• _Available data_:
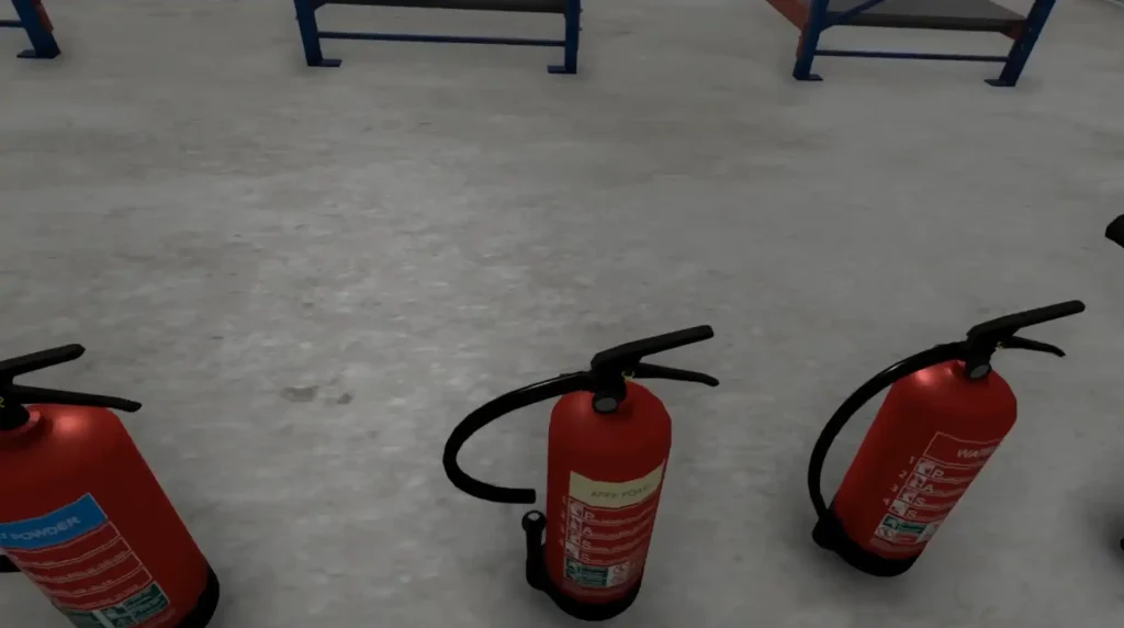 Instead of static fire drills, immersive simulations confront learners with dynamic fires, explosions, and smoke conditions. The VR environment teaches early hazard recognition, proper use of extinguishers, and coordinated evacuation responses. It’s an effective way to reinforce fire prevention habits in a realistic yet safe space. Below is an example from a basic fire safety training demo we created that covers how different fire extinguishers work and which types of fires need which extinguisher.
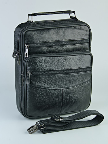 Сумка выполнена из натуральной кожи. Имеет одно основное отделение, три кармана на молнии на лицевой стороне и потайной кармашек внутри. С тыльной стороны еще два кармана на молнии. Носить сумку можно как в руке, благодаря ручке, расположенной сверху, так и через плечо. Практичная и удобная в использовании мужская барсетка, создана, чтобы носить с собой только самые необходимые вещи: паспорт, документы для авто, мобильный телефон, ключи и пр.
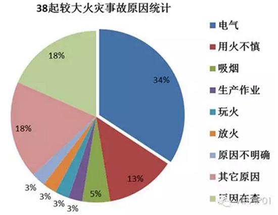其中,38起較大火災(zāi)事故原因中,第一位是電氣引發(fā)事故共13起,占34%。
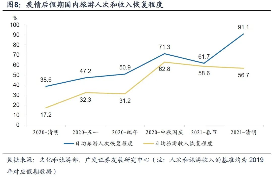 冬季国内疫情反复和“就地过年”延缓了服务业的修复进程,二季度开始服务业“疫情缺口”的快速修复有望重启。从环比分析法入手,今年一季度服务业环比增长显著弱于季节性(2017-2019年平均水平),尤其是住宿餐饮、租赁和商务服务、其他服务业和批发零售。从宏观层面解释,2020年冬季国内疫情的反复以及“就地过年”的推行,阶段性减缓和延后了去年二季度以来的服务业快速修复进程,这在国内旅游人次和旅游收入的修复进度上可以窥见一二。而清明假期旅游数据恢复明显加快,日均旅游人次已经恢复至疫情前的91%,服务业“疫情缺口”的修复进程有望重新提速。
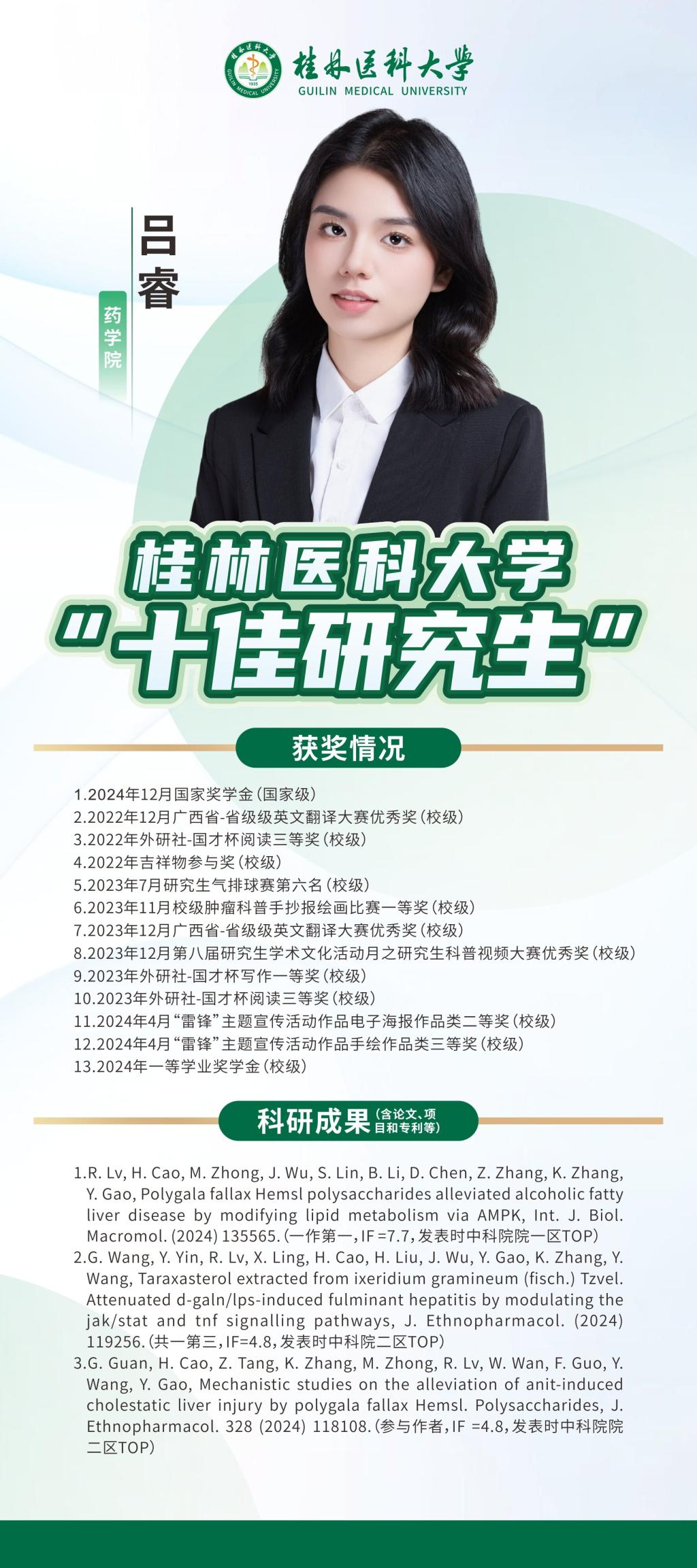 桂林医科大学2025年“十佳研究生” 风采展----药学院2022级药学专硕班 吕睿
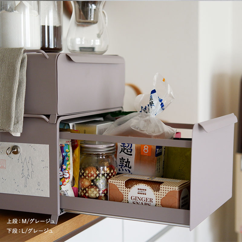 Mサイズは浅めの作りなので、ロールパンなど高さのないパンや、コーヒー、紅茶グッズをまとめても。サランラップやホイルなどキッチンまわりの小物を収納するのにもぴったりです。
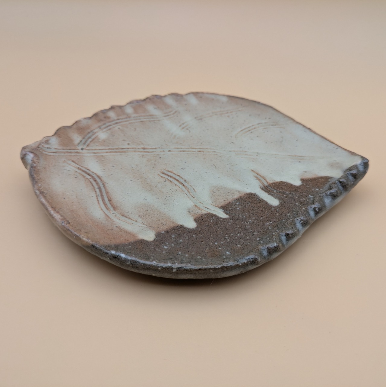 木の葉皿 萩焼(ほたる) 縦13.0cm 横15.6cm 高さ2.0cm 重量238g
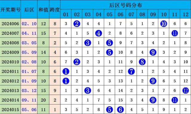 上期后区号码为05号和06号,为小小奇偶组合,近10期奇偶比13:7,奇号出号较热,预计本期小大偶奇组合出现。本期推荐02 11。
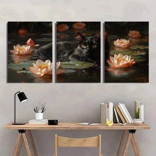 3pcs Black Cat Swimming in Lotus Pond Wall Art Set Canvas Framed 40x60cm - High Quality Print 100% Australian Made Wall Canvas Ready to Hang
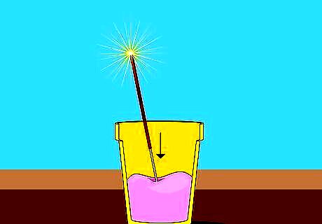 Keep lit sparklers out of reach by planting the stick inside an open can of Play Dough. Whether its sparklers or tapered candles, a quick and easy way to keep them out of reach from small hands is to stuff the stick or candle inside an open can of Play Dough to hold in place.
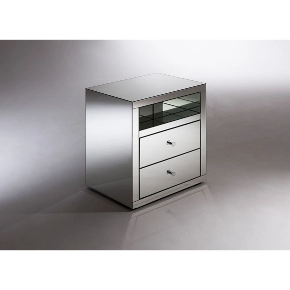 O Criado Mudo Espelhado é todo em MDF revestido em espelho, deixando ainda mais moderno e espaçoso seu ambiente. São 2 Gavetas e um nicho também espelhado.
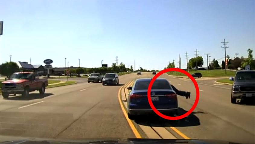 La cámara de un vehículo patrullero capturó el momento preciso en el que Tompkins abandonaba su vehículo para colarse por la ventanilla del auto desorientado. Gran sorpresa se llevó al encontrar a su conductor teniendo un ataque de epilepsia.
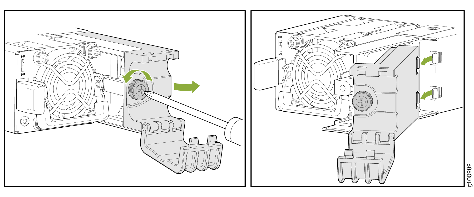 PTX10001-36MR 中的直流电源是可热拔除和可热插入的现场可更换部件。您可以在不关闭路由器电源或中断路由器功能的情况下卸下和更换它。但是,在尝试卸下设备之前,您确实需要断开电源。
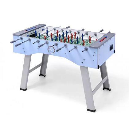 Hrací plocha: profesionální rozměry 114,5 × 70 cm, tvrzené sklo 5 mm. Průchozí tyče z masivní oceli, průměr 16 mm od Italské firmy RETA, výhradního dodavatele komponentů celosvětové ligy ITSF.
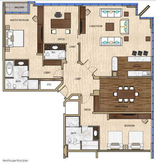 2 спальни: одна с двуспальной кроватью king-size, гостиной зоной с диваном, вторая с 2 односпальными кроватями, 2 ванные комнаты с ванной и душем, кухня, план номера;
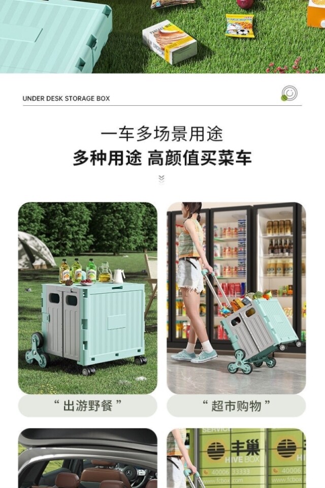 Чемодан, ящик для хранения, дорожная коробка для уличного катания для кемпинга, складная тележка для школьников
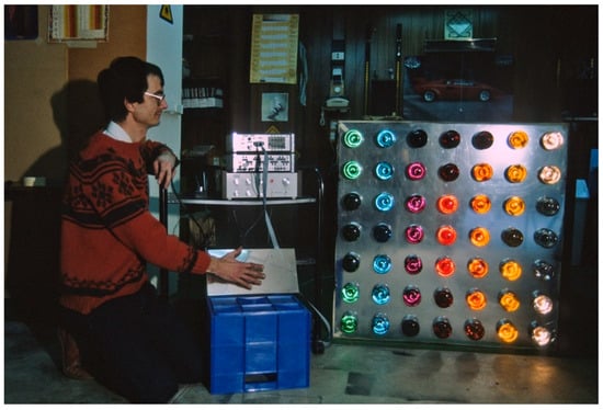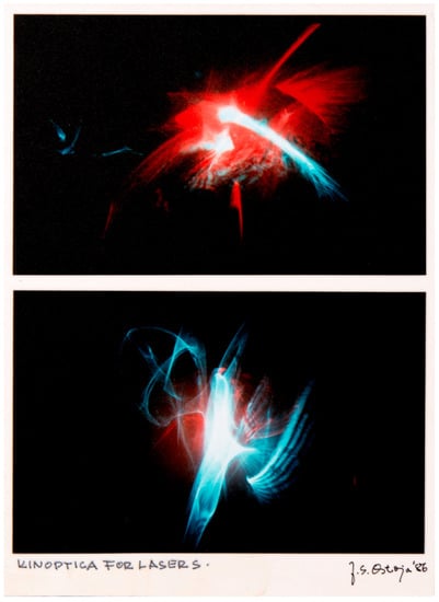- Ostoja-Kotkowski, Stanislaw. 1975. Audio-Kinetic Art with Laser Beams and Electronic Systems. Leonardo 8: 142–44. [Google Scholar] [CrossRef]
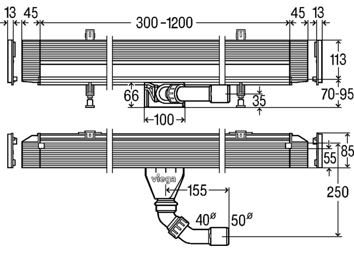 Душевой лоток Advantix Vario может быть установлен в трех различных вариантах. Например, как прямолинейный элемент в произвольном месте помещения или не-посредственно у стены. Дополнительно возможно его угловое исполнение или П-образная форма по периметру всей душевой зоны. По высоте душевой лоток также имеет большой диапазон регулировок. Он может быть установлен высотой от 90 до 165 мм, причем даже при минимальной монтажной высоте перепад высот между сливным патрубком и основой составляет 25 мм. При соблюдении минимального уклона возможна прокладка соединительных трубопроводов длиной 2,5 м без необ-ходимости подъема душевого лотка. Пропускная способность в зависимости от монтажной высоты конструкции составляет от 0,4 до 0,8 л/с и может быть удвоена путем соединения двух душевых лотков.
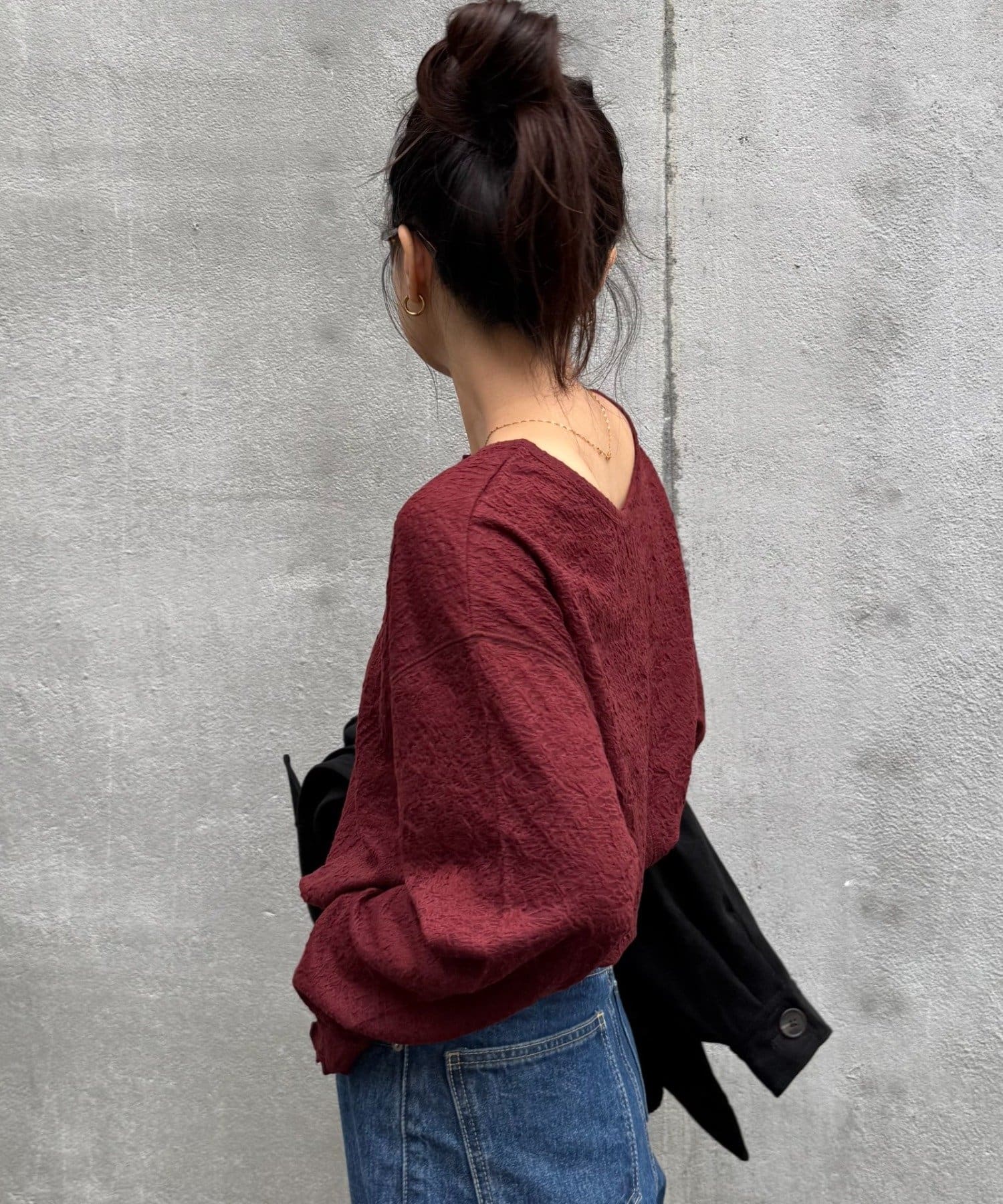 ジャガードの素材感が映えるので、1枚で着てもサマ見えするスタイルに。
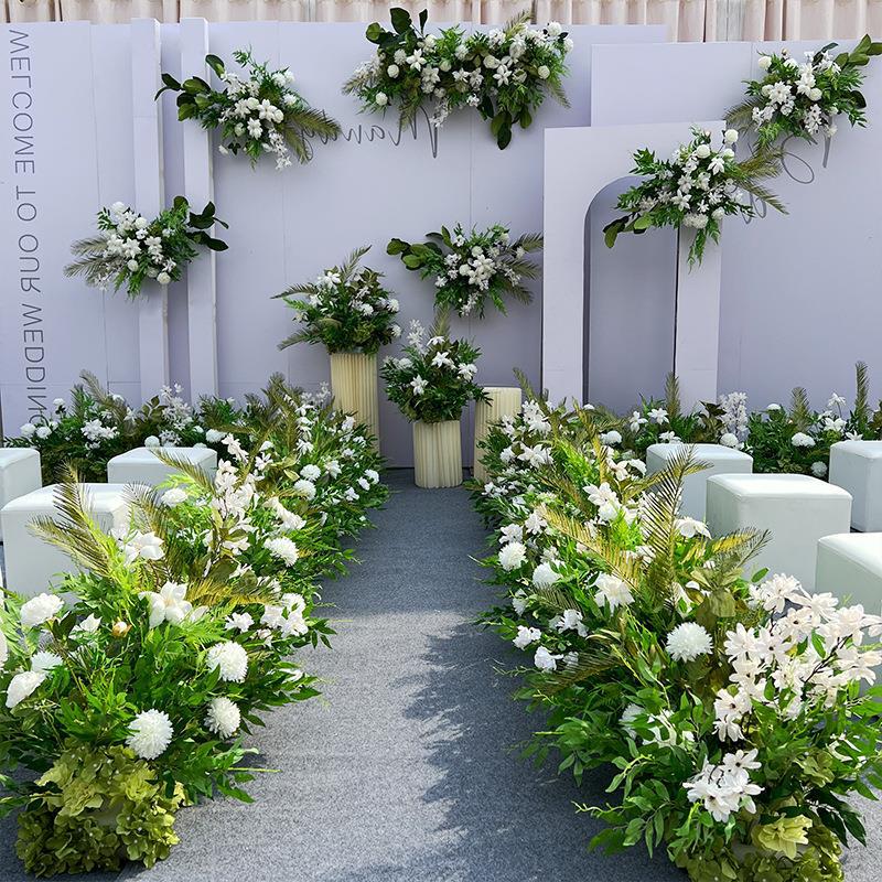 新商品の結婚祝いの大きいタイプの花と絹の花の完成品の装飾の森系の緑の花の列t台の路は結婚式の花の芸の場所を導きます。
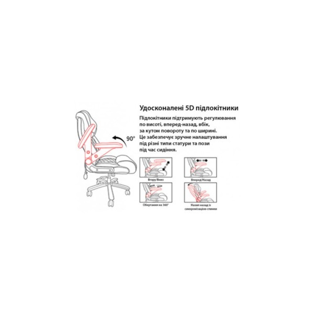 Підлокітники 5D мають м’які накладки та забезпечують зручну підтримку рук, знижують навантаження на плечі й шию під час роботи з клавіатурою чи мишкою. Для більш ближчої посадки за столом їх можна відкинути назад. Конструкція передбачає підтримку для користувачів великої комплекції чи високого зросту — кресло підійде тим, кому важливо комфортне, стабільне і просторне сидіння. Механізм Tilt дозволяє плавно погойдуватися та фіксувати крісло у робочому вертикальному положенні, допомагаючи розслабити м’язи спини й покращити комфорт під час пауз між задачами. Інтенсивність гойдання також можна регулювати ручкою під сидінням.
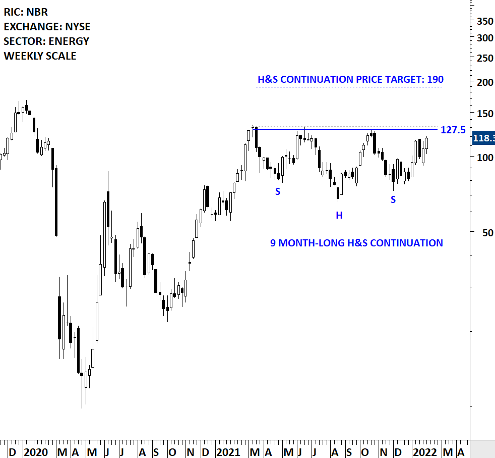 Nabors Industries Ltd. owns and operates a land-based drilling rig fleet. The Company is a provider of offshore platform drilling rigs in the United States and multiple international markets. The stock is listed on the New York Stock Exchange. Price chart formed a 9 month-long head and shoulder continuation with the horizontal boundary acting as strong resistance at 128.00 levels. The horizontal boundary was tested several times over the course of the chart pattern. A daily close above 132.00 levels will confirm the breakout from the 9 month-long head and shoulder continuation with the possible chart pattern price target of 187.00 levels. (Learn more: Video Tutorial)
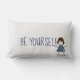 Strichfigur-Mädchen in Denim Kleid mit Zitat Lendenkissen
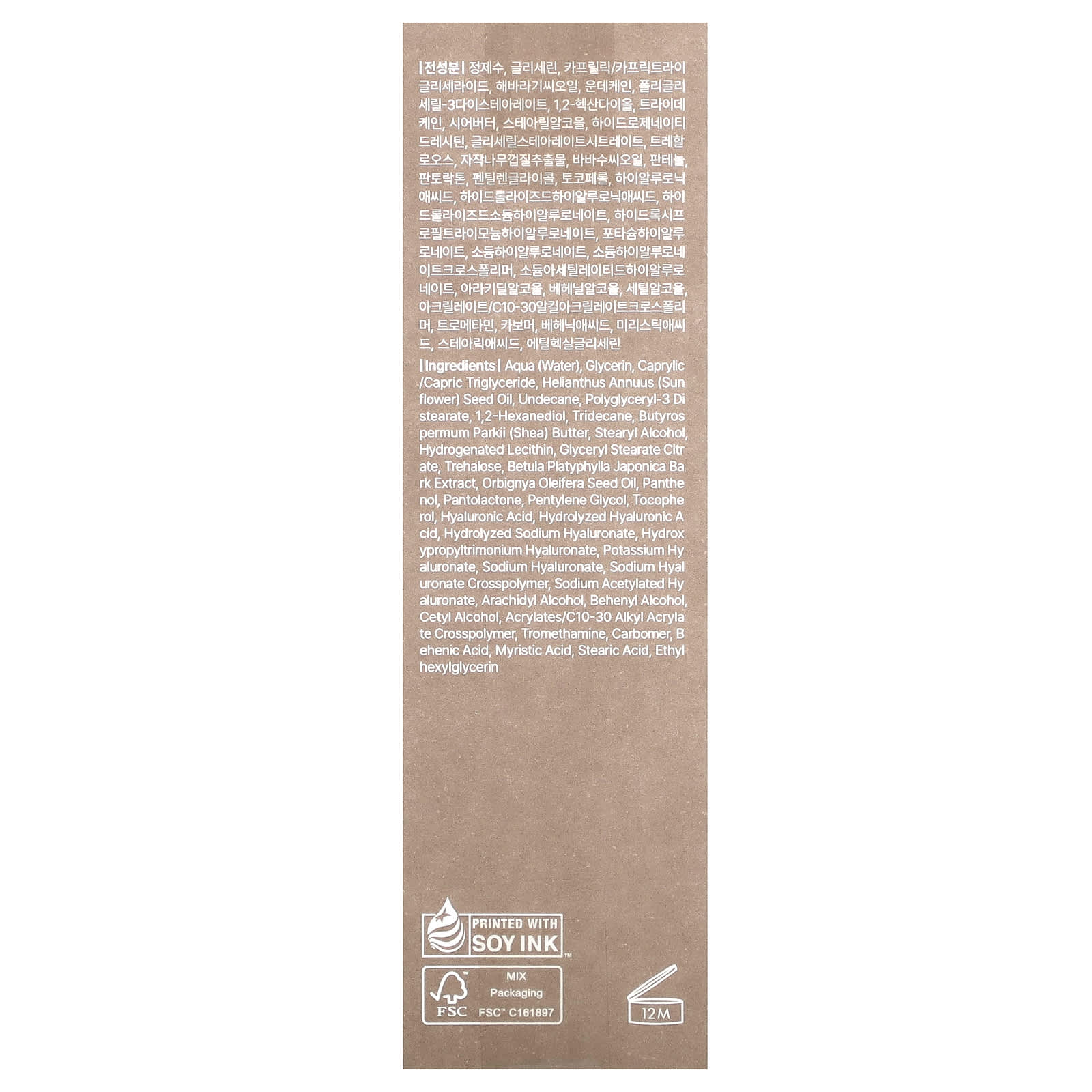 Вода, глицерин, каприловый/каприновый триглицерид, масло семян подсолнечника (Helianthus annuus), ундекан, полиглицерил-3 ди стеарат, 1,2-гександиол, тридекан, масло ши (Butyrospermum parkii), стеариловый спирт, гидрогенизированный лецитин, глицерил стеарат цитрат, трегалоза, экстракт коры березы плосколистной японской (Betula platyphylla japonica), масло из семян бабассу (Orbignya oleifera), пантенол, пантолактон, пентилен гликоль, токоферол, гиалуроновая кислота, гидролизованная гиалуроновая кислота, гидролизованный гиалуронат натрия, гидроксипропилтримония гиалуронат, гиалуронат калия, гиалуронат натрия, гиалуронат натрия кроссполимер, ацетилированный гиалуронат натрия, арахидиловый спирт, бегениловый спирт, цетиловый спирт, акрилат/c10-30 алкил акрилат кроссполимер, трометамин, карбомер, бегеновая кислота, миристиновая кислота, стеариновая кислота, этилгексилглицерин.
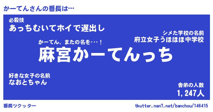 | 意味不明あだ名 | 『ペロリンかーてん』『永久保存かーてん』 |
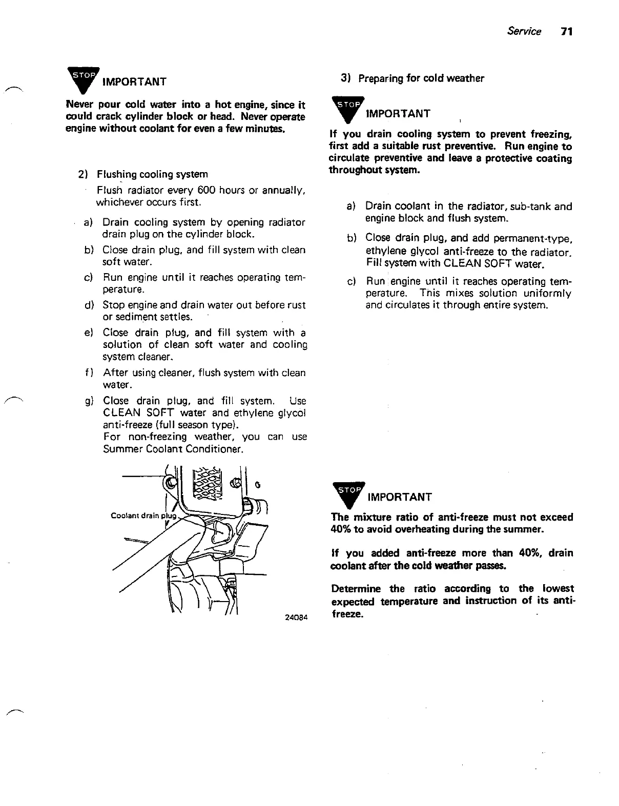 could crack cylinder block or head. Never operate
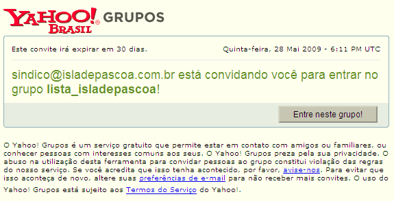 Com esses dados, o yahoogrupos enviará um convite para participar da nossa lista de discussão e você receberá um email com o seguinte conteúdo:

• _Exercise requirements_: When you reach the line that has "O Criado Mudo" in the data above, start repeating lines exactly, and stop after the line that has "- Ostoja-Kotkowski, Stanislaw."; pictures stay out.

• _Result of the task_:
 O Criado Mudo Espelhado é todo em MDF revestido em espelho, deixando ainda mais moderno e espaçoso seu ambiente. São 2 Gavetas e um nicho também espelhado.
 La cámara de un vehículo patrullero capturó el momento preciso en el que Tompkins abandonaba su vehículo para colarse por la ventanilla del auto desorientado. Gran sorpresa se llevó al encontrar a su conductor teniendo un ataque de epilepsia.
 PTX10001-36MR 中的直流电源是可热拔除和可热插入的现场可更换部件。您可以在不关闭路由器电源或中断路由器功能的情况下卸下和更换它。但是,在尝试卸下设备之前,您确实需要断开电源。
 Hrací plocha: profesionální rozměry 114,5 × 70 cm, tvrzené sklo 5 mm. Průchozí tyče z masivní oceli, průměr 16 mm od Italské firmy RETA, výhradního dodavatele komponentů celosvětové ligy ITSF.
 2 спальни: одна с двуспальной кроватью king-size, гостиной зоной с диваном, вторая с 2 односпальными кроватями, 2 ванные комнаты с ванной и душем, кухня, план номера;
 Чемодан, ящик для хранения, дорожная коробка для уличного катания для кемпинга, складная тележка для школьников
- Ostoja-Kotkowski, Stanislaw. 1975. Audio-Kinetic Art with Laser Beams and Electronic Systems. Leonardo 8: 142–44. [Google Scholar] [CrossRef]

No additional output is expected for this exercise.